Dernière mise à jour : 26/05/2026

De façon générale, modification durable des paramètres statistiques (moyennes et variabilité) du climat global de la Terre et/ou de ses divers climats régionaux.

Nota : Cet article est un article introductif et les principaux impacts du changement climatique sur l'hydrologie, les milieux aquatiques et les usages de l'eau font l'objet d'articles spécifiques.

Sommaire

Question de vocabulaire

L'expression "changement climatique" est surtout utilisée depuis quelques années pour désigner l’évolution actuelle du climat due à l’augmentation des gaz à effet de serre dans l’atmosphère, elle-même due aux activités humaines (Changement climatique anthropique). Elle est préférable à celle de "réchauffement climatique" car l'augmentation des températures (voir figure 1) ne constitue pas le seul élément de ce changement.

Certains préfèrent le terme "dérèglement climatique" à celui de "changement climatique" car il met l'accent sur le caractère à la fois non naturel, imprévisible et dangereux des évolutions.

Pour clarifier le vocabulaire, mais sans réellement trancher, les Nations Unies et le GIEC ont proposé d’utiliser le terme "fluctuation climatique" pour parler des variations naturelles du climat et de réserver "changement climatique" pour parler du dérèglement climatique dû aux activités humaines.

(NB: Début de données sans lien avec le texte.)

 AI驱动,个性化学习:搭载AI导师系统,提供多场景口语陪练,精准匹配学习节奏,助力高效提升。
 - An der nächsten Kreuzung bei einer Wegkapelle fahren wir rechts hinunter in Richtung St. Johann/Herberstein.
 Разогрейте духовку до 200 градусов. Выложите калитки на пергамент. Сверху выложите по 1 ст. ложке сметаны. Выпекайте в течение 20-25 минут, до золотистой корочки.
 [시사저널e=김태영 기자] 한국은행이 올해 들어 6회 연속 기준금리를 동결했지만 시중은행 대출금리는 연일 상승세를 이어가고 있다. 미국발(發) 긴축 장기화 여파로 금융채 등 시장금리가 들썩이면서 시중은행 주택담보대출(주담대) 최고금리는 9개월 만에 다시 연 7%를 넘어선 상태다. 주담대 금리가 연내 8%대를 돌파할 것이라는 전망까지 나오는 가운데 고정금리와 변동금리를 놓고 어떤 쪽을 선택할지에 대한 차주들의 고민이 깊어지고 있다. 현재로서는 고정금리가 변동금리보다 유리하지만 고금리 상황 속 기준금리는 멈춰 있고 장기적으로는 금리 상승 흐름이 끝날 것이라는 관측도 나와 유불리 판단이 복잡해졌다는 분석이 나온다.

En tout état de cause, il a été démontré de façon certaine que ce changement est lié aux émissions de gaz à effet de serre (forçage anthropique). Les modèles permettent en effet de simuler ce qu’auraient été la température sans les émissions anthropiques liées à l’ère industrielle. C’est ce qu’illustre également la figure 1.


Figure 1 : Évolution des moyennes annuelles de température moyenne de la planète depuis le milieu du XIXème siècle ; Source : Chiffres clés du climat : France, Europe et Monde, 2025.

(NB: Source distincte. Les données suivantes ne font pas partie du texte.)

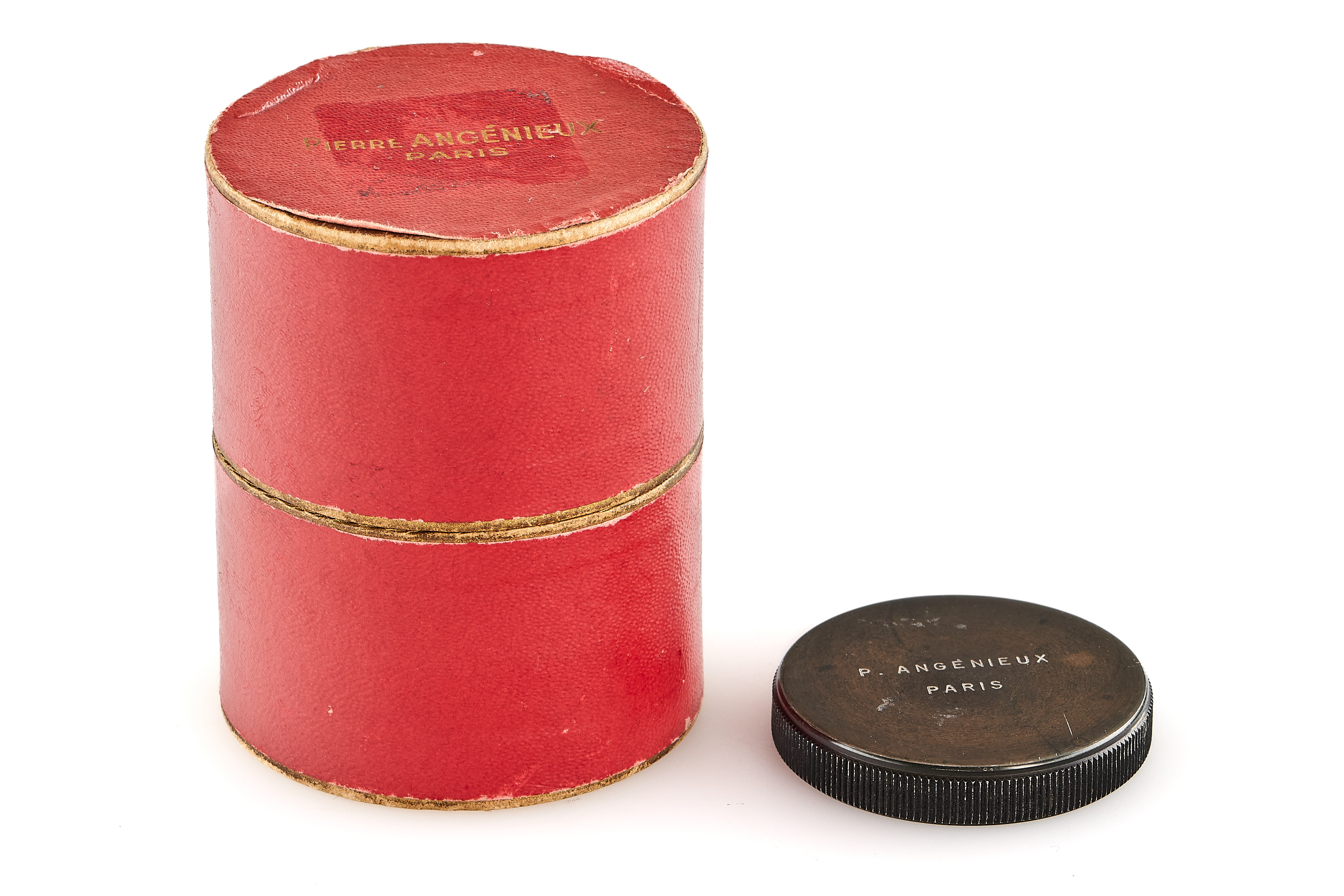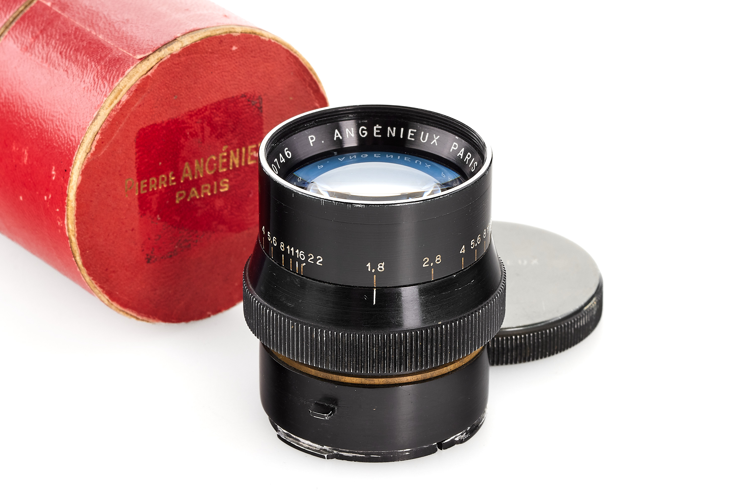 Sought-after and early Angénieux lens in very rare original Contax mount, in very good condition, coated optics showing a light haze and few blemishes, with front cap and red maker's box.
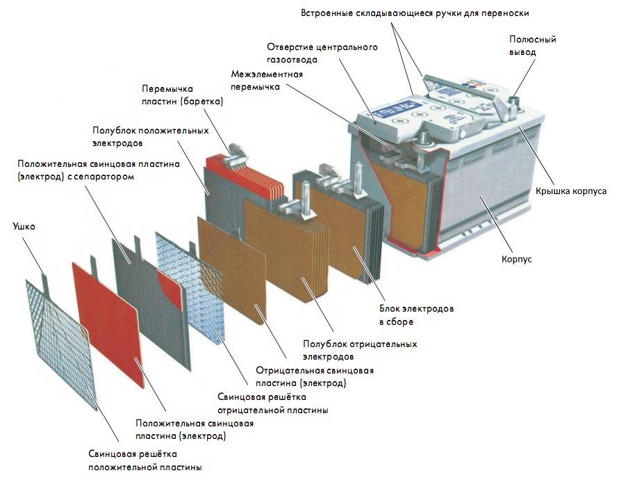 В техническое устройство аккумуляторных батарей включены гальванические элементы (пластины) – химические источники электроэнергии. Их количество составляет 6 штук, они соединены друг с другом последовательно, при помощи перемычек. Один отрицательно заряженный вывод блока крепится к положительному выводу другого.

Importance du changement climatique pour notre société et notre planète

Le dernier rapport de synthèse du GIEC, publié en décembre 2023, nous met clairement devant nos responsabilités : soit nous réagissons de façon forte et très rapide et il est alors possible de maintenir la hausse des températures dans des fourchettes que nous arriverons potentiellement à gérer, soit nous n'y parvenons pas et nous entrerons dans une évolution totalement imprévisible qui conduira à une transformation profonde du monde que nous connaissons (figures 2).


Figure 2 : Le niveau de réchauffement et de transformation du monde que connaîtront les générations actuelles et futures dépend des choix qui sont faits aujourd'hui à court terme ; Source : Rapport de synthèse du GIEC 2023.

La situation peut encore évoluer de façon à produire un avenir durable, mais les possibilités d'évolution favorable se réduisent rapidement si les actions nécessaires ne sont pas prises rapidement (figure 3).


Figure 3 : Plus le temps passe et plus les possibilités de rejoindre un monde "vivable" se raréfient ; Source : Rapport de synthèse du GIEC 2023.

Dans tous les cas, avec le changement climatique, la planète sort de plusieurs milliers d’années de stabilité pour entrer dans le monde de l’instabilité, et nous avons l'obligation d'en tirer les conclusions, en particulier en termes de gestion de l'eau (voir § "Impacts du changement climatique en hydrologie").

Différences entre changement climatique mondial et changement climatique local

Une première différence importante et souvent méconnue est la différence entre l'évolution à l'échelle de la planète et ses conséquences sur les continents. Les océans ont en effet une inertie thermique beaucoup plus forte que les terres immergées et les conséquences climatiques, en particulier en terme de réchauffement, sont donc amplifiées sur les continents (figure 4).


Figure 4 : L'augmentation moyenne de température est amplifiée sur les continents ; Source : .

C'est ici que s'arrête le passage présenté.